Often when posting on this blog, I refer to the general needs of humans. I usually mention food, clothes, shelter, and healthcare. While those four general categories tend to cover the vast majority of what any given human needs, they do not cover everything. I often fail to mention the need to secure one’s retirement.
For example, if a working man earns enough income to pay for just his current food, clothes, shelter, and healthcare, we cannot truthfully call that man self-sufficiently non-poor, because that man will one day lose his ability to work. He needs to earn enough now to pay for his living expenses later, when he retires.
To accurately measure the cost of living, we must include the cost of maintaining a proper retirement fund.

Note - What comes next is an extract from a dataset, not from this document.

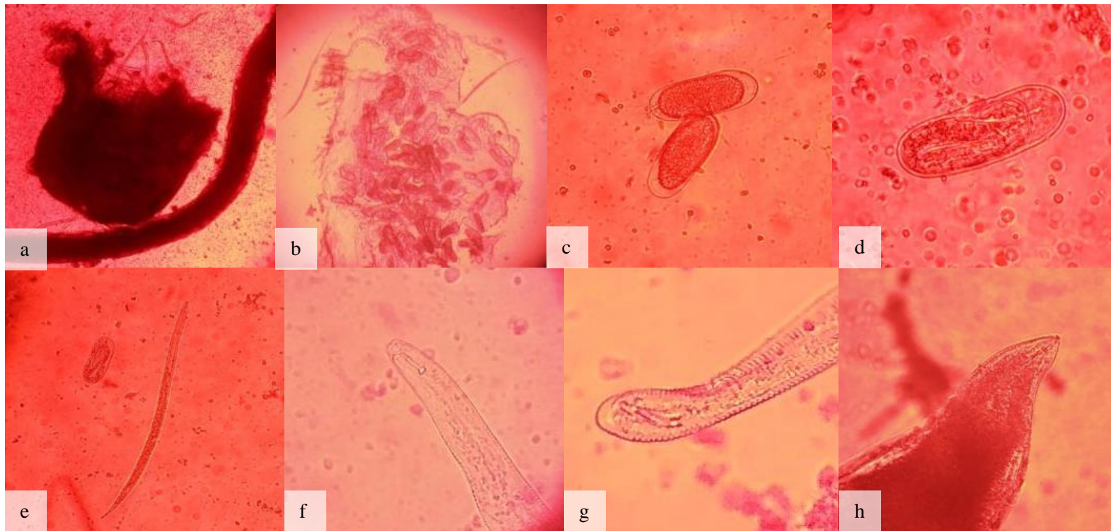
Figure 2: Nematode: The egg mass of M. incognita looks broken and produces J2 (a). Condition of eggs of Meloidogyne spp. in the egg mass (b). Egg of Meloidogyne spp. (c). J1 in egg (d). Egg size difference J1 and J2 (e). Basal knob on male (J2) Meloidogyne spp. (f). Anus J2 (g). Basal knob on female Meloidogyne spp. (h).
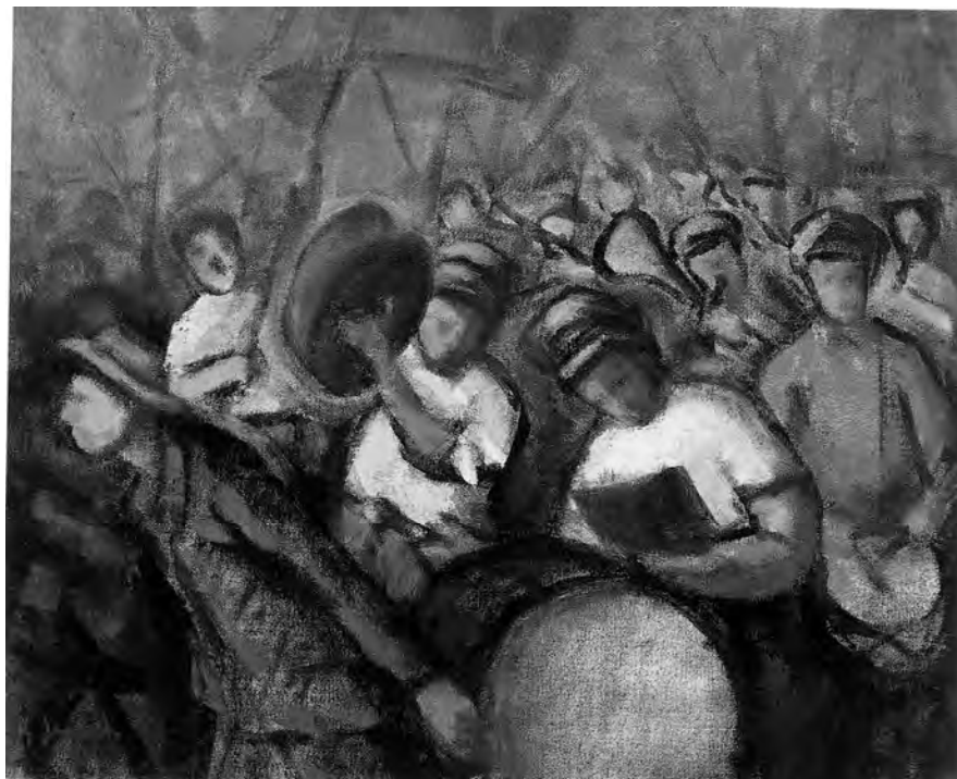
Figure 2: Il-Banda – George Fenech

These retirement costs could come in many forms, just as housing costs can come in many forms (e.g. rent vs. mortgage payments). For example, a person may own a retirement account in a bank or a 401K. In another example, a person may buy some type of retirement insurance, where the person pays a fee to a company during the person’s working life, and the company pays the person for the remainder of their life after retirement. In yet another example, some cultures make it so the younger generation of a family takes care of the older generation of that family; the costs remain essentially the same.
When calculating a general cost of living, we can of course find the basic price for the general costs of securing one’s retirement. In other words, we don’t need to worry so much about each specific way to secure one’s retirement. In analogy, we use a general cost of food to calculate the cost of living, we don’t worry about the specific store from which any given person may buy their food.